• Data entries:
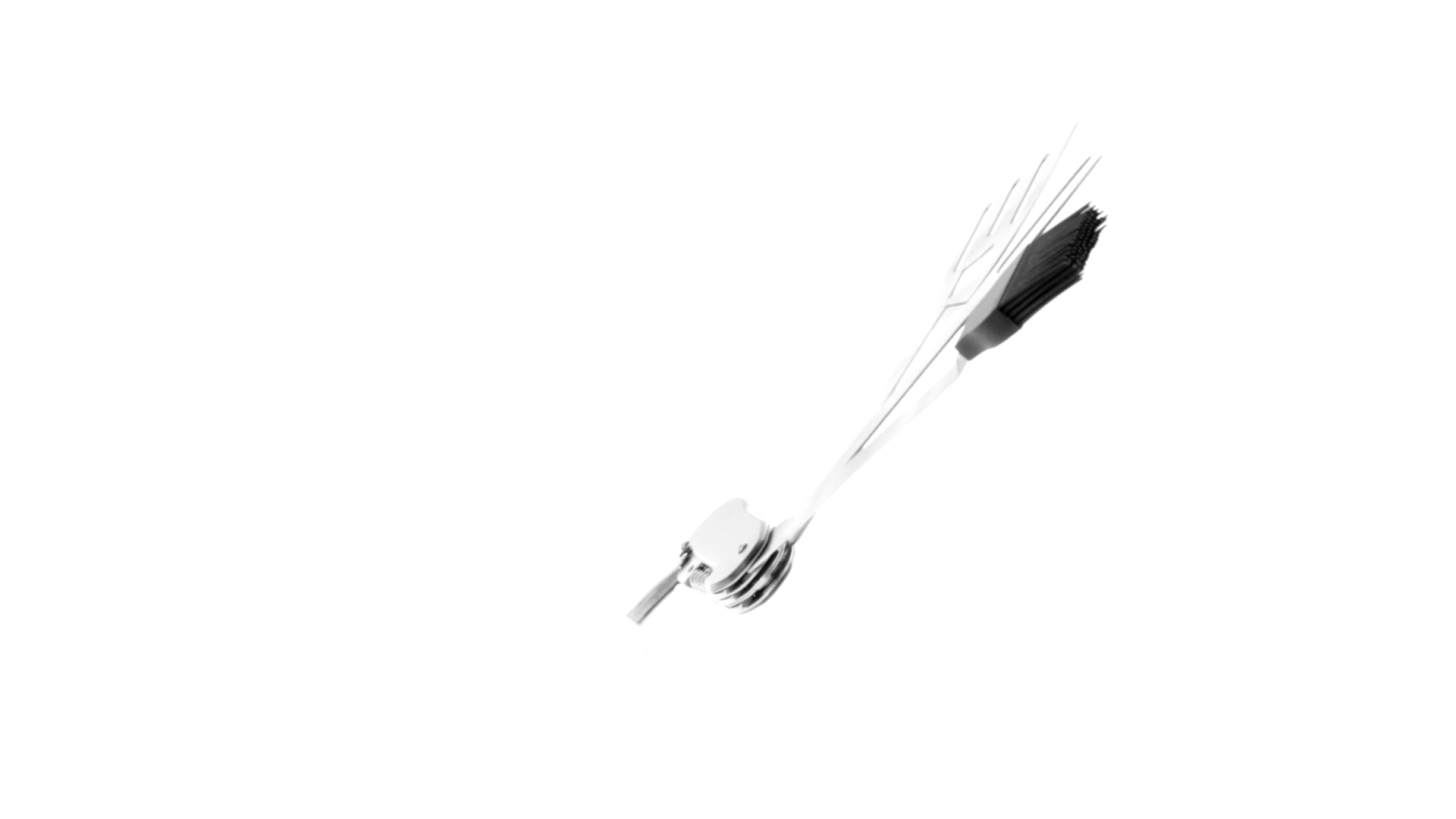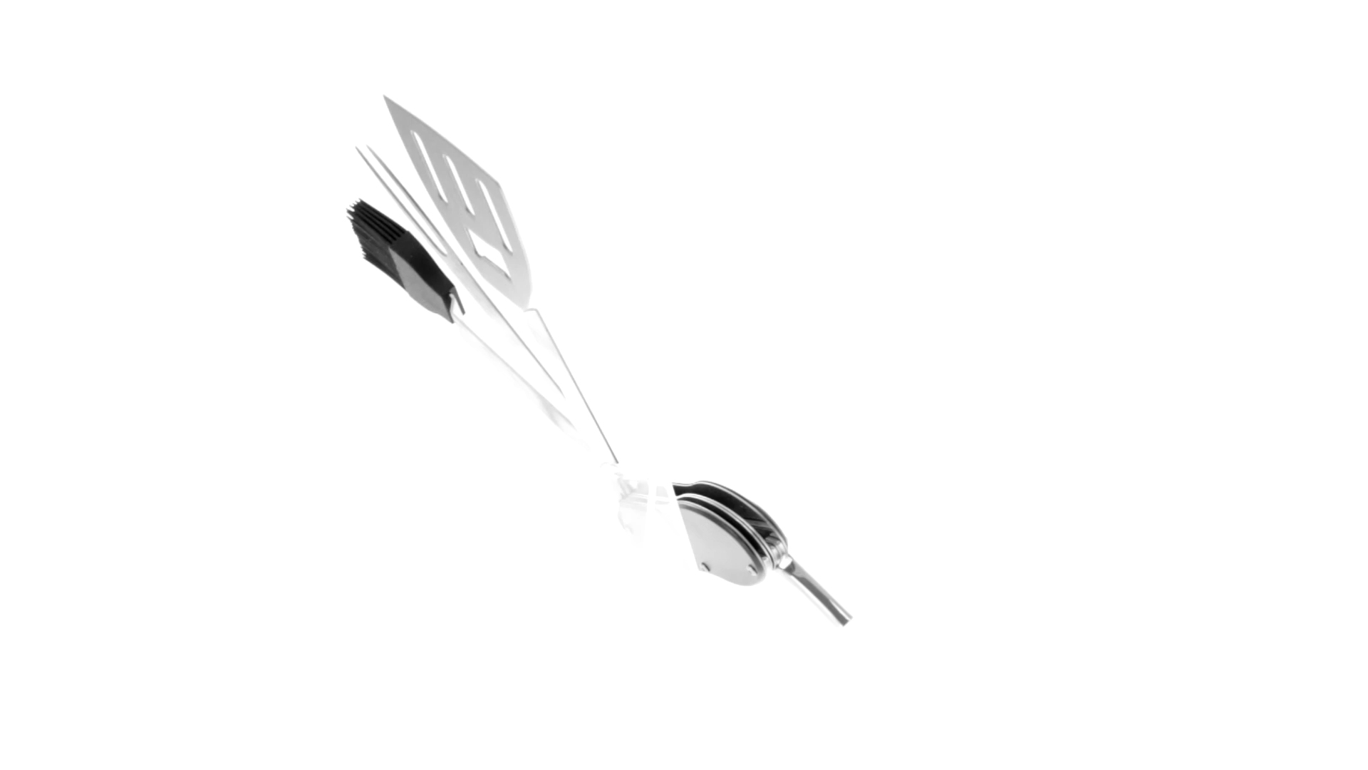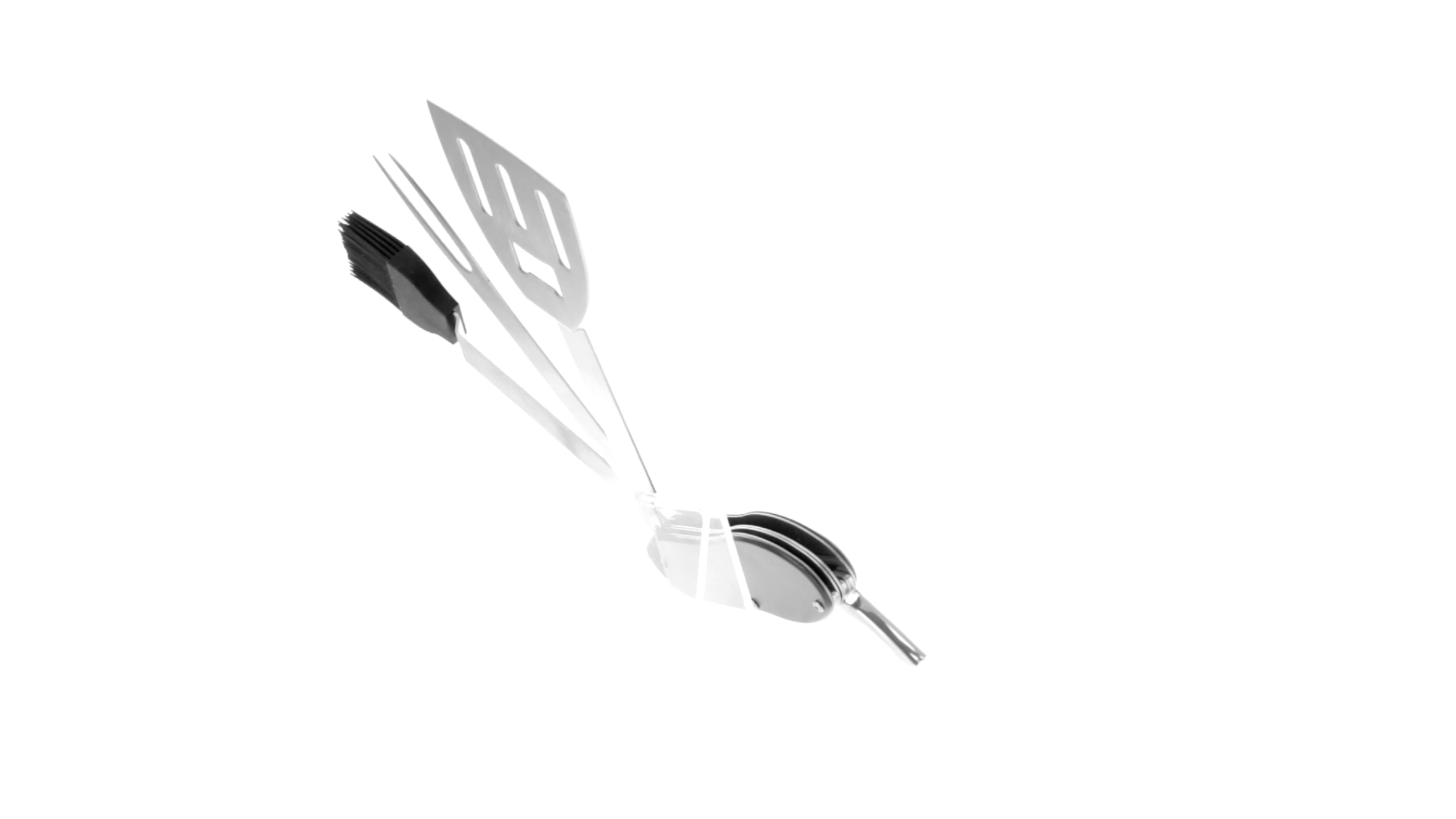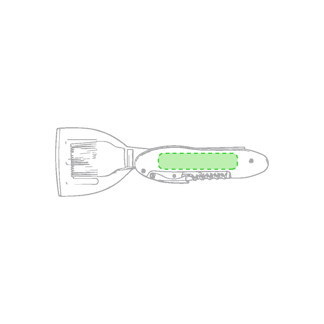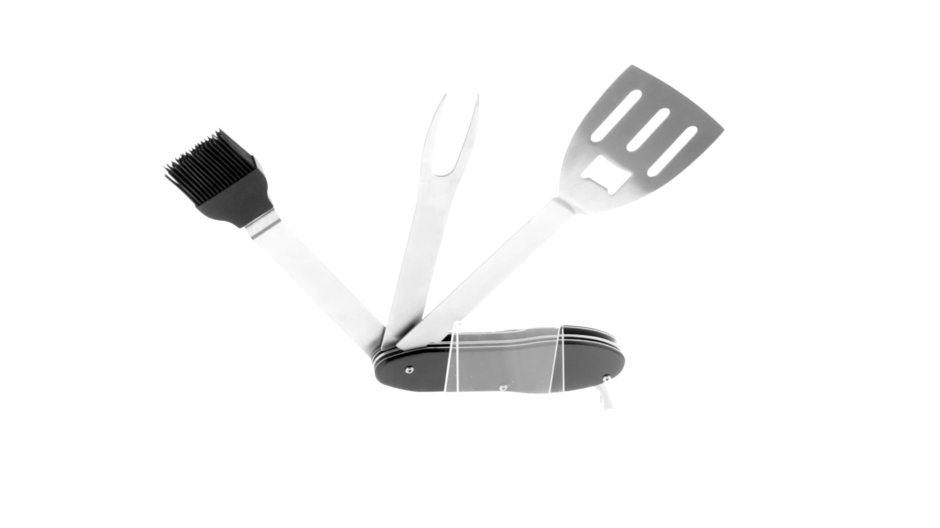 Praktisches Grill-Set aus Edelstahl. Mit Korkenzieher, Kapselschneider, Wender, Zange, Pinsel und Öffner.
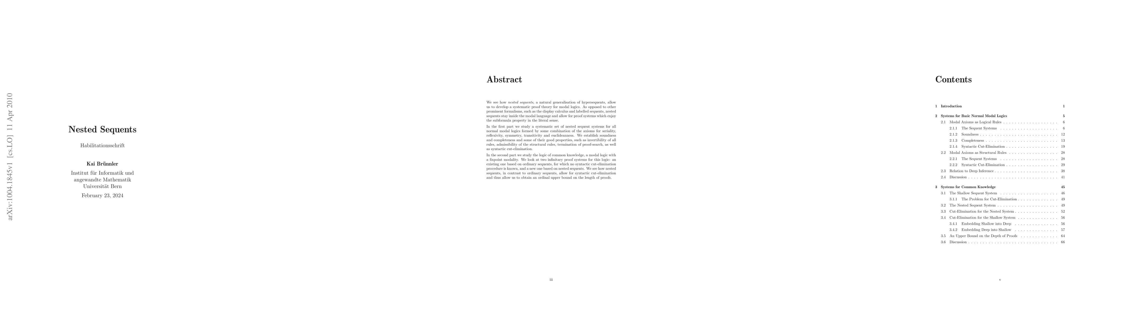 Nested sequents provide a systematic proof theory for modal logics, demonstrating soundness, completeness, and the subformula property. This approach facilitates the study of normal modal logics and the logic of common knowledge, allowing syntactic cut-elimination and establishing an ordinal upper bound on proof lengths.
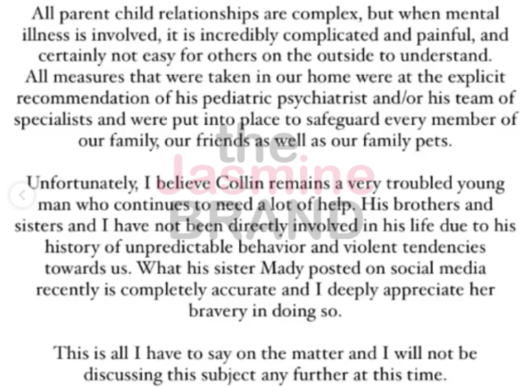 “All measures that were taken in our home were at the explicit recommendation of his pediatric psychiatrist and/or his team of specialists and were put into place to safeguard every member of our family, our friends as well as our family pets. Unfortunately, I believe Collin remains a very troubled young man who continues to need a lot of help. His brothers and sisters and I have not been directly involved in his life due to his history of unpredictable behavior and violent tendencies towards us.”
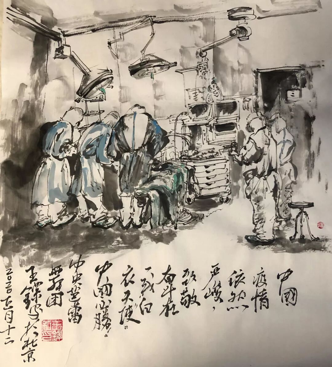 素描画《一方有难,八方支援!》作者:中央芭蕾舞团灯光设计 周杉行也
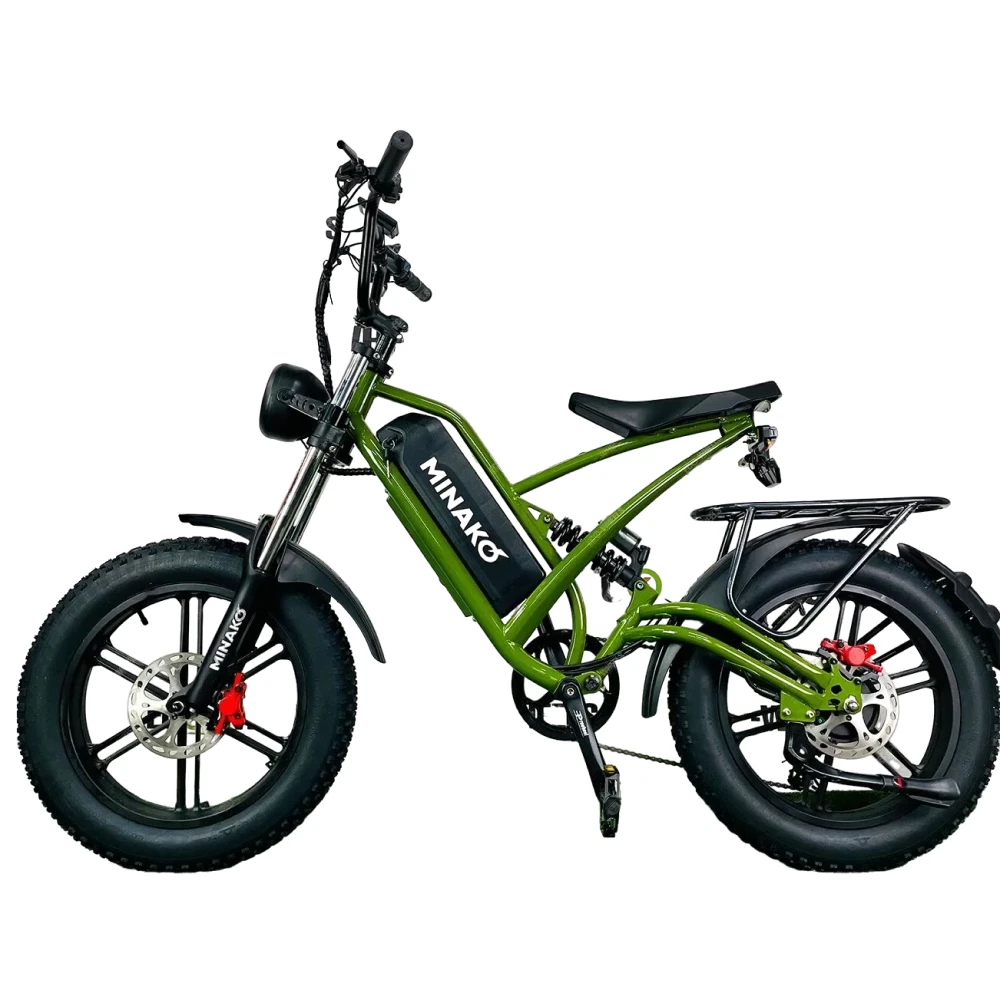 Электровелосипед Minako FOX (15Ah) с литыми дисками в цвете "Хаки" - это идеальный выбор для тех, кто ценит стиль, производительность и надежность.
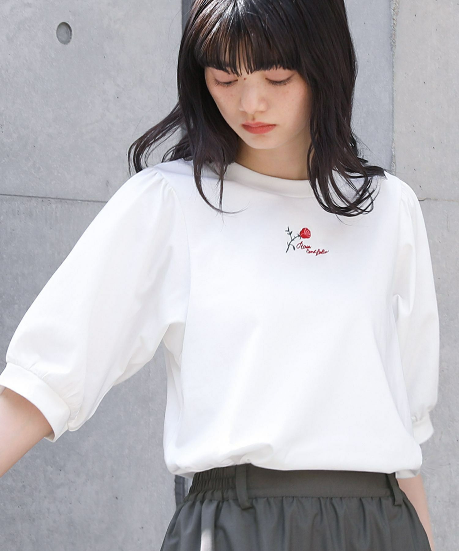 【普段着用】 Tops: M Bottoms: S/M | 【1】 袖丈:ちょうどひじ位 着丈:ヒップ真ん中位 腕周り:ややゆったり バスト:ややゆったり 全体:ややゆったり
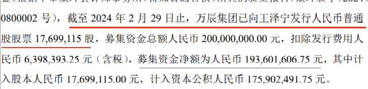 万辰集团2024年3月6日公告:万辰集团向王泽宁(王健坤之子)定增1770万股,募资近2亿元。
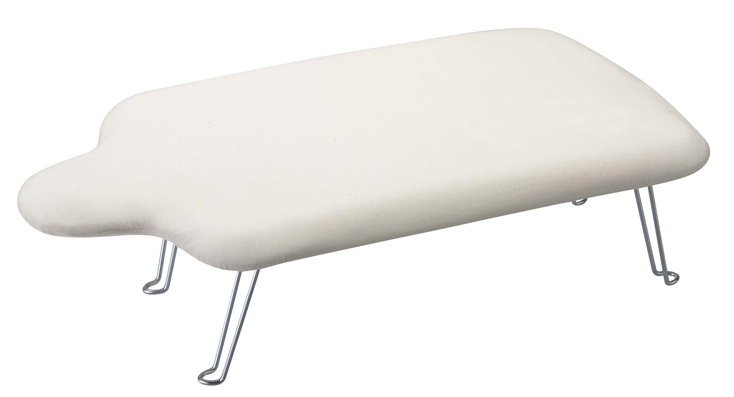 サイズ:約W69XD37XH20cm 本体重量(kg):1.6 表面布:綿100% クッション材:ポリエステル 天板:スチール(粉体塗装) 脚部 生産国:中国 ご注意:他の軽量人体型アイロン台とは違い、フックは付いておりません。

• Action item:
Give the data back exactly, omitting all pictures.

• Output for this exercise:
 Praktisches Grill-Set aus Edelstahl. Mit Korkenzieher, Kapselschneider, Wender, Zange, Pinsel und Öffner.
 Nested sequents provide a systematic proof theory for modal logics, demonstrating soundness, completeness, and the subformula property. This approach facilitates the study of normal modal logics and the logic of common knowledge, allowing syntactic cut-elimination and establishing an ordinal upper bound on proof lengths.
 “All measures that were taken in our home were at the explicit recommendation of his pediatric psychiatrist and/or his team of specialists and were put into place to safeguard every member of our family, our friends as well as our family pets. Unfortunately, I believe Collin remains a very troubled young man who continues to need a lot of help. His brothers and sisters and I have not been directly involved in his life due to his history of unpredictable behavior and violent tendencies towards us.”
 素描画《一方有难,八方支援!》作者:中央芭蕾舞团灯光设计 周杉行也
 Электровелосипед Minako FOX (15Ah) с литыми дисками в цвете "Хаки" - это идеальный выбор для тех, кто ценит стиль, производительность и надежность.
 【普段着用】 Tops: M Bottoms: S/M | 【1】 袖丈:ちょうどひじ位 着丈:ヒップ真ん中位 腕周り:ややゆったり バスト:ややゆったり 全体:ややゆったり
 万辰集团2024年3月6日公告:万辰集团向王泽宁(王健坤之子)定增1770万股,募资近2亿元。
 サイズ:約W69XD37XH20cm 本体重量(kg):1.6 表面布:綿100% クッション材:ポリエステル 天板:スチール(粉体塗装) 脚部 生産国:中国 ご注意:他の軽量人体型アイロン台とは違い、フックは付いておりません。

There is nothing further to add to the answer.